What to produce: Would you print only the lines running from the one with "Baterie je vybavena" to the final line of the data below, word for word and without pictures?

Given data:
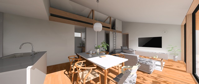 1階で完結できる間取りですが、LDKにはロフトスペースを設け、平面的にも立体的にも空間に余裕を持たせる事が出来ました。
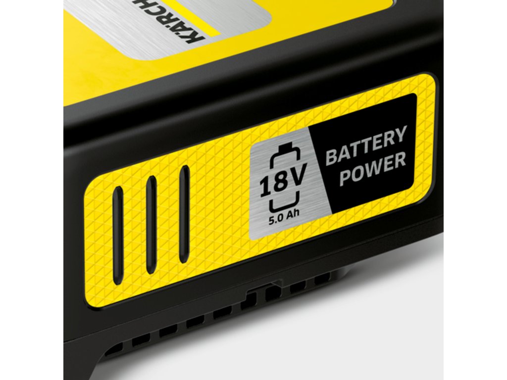 Baterie je vybavena lithium-intovými články a zajišťuje stálý výkon. Zbývající doba provozu, úroveň nabití a kapacita baterie jsou navíc neustále zobrazovány na integrovaném LCD dispelji pomocí inovativní technologii Real Time. Baterie 18 V / 5,0 Ah je vhodná pro použití ve všech zařízeních s bateriovou platformou Kärcher 18 V.
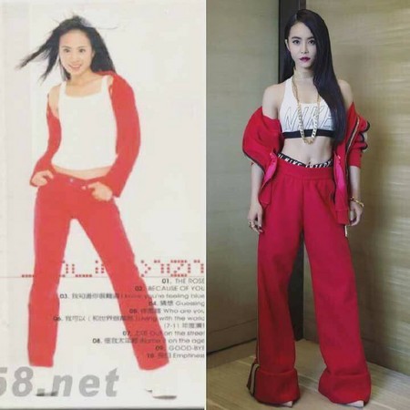 照片左侧,可以看到蔡依林1999年发行《1019》的宣传照,身穿显眼的红色外套、以及同色是的长裤,稍微拉下右侧外套,青涩中又带点小性感。对比18年后的今天,她大方拉下外套,露出纤瘦的肩膀线条,背心长度也短到胸下,展现多年的健身成果。

Answer section:
 Baterie je vybavena lithium-intovými články a zajišťuje stálý výkon. Zbývající doba provozu, úroveň nabití a kapacita baterie jsou navíc neustále zobrazovány na integrovaném LCD dispelji pomocí inovativní technologii Real Time. Baterie 18 V / 5,0 Ah je vhodná pro použití ve všech zařízeních s bateriovou platformou Kärcher 18 V.
 照片左侧,可以看到蔡依林1999年发行《1019》的宣传照,身穿显眼的红色外套、以及同色是的长裤,稍微拉下右侧外套,青涩中又带点小性感。对比18年后的今天,她大方拉下外套,露出纤瘦的肩膀线条,背心长度也短到胸下,展现多年的健身成果。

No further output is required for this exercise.